- [STORED DATA]
● ● ●
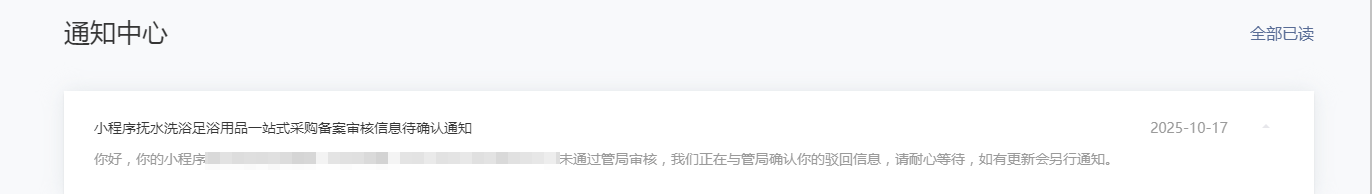 麻烦处理下驳回,我们也能重新提交,管局已经驳回了,但是小程序后台也没驳回,也没办法重新修改提交
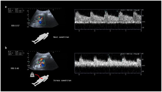 Renal Stress Test (RST) is based on the measurement of the percentage change in the intraparenchymal renal resistive index (IRRIV) between the basal status in rest condition (a) and after an external stress to study the RFR (b). In resting conditions (a), the RRIs are measured by studying the average value which is then used to calculate the percentage and absolute variation with respect to the values found after the stress (b) applied to the kidney through the application of the weight on the anterior abdominal wall. The figure shows the sampling points of the Doppler signal in the kidney and the relative Doppler spectra that are used for the calculation of the RRI.
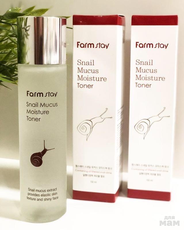 FarmStay Snail Mucus Moisture Toner – увлажняющий тоник с экстрактом слизи улитки завершает процесс очищения кожи и готовит ее к усвоению средств ежедневного ухода. Средство обеспечивает кожу необходимой влагой, что очень важно после умывания, чтобы предупредить обезвоживание, появление стянутости и шелушений.
● ● ●
- [EXERCISE] Everything above except the pictures needs to be reproduced exactly.

- [RESULT OF THE TASK]
 麻烦处理下驳回,我们也能重新提交,管局已经驳回了,但是小程序后台也没驳回,也没办法重新修改提交
 Renal Stress Test (RST) is based on the measurement of the percentage change in the intraparenchymal renal resistive index (IRRIV) between the basal status in rest condition (a) and after an external stress to study the RFR (b). In resting conditions (a), the RRIs are measured by studying the average value which is then used to calculate the percentage and absolute variation with respect to the values found after the stress (b) applied to the kidney through the application of the weight on the anterior abdominal wall. The figure shows the sampling points of the Doppler signal in the kidney and the relative Doppler spectra that are used for the calculation of the RRI.
 FarmStay Snail Mucus Moisture Toner – увлажняющий тоник с экстрактом слизи улитки завершает процесс очищения кожи и готовит ее к усвоению средств ежедневного ухода. Средство обеспечивает кожу необходимой влагой, что очень важно после умывания, чтобы предупредить обезвоживание, появление стянутости и шелушений.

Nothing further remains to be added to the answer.